2035年には乗用車・軽量商用車の新車販売で3分の2がEVに

 EV市場を調査しているEV Volumeが2023年11月に公表したデータによると、2023年のEV(BEVとPHEV)新車販売台数は前年比34%増の1410万台になると予測した。EVを含めた乗用車と軽量商用車(車両総重量が3.5トン未満の商用車)の2023年における新車販売台数の成長率は9%と予測しているので、EVの伸びが著しい。
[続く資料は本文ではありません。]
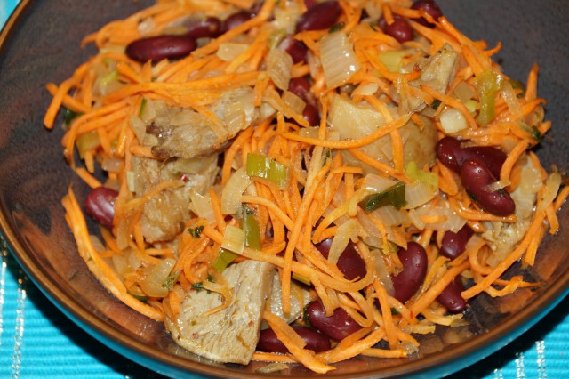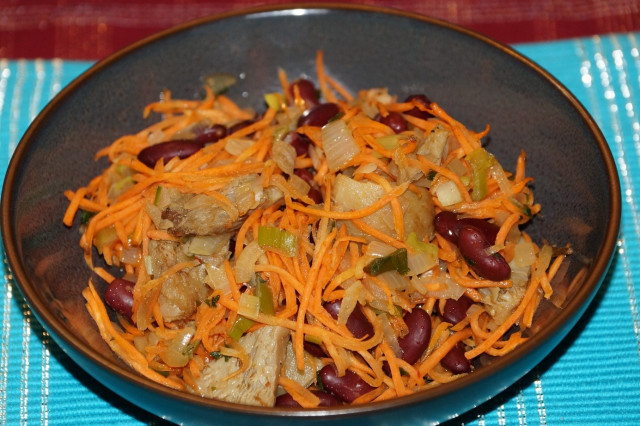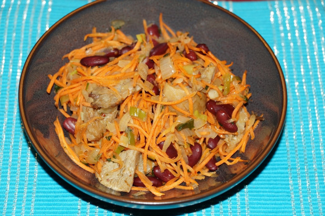 Морковь по – корейски с красной фасолью, зеленым луком, репчатым луком и маринованными груздями.

 EV Volumeは、2023年における軽量自動車(乗用車と軽量商用車(車両総重量が3.5トン未満の商用車))の新車販売に占めるEVの割合は16%と予測する。これが2025年に23%、2030年に45%と上昇する。2031年には50%と半分を占めるようになる。そして2035年には68%と、軽量自動車(Light Vehicles)の3分の2強がEVになると予測する。

世界のBEVとPHEVの販売推移および予測(2015年〜2035年)[クリックで拡大] 出所:「2024年度版 実装技術ロードマップ」、p.63、2024年6月発行
世界のBEVとPHEVの販売推移および予測(2015年〜2035年)[クリックで拡大] 出所:「2024年度版 実装技術ロードマップ」、p.63、2024年6月発行

(次回に続く)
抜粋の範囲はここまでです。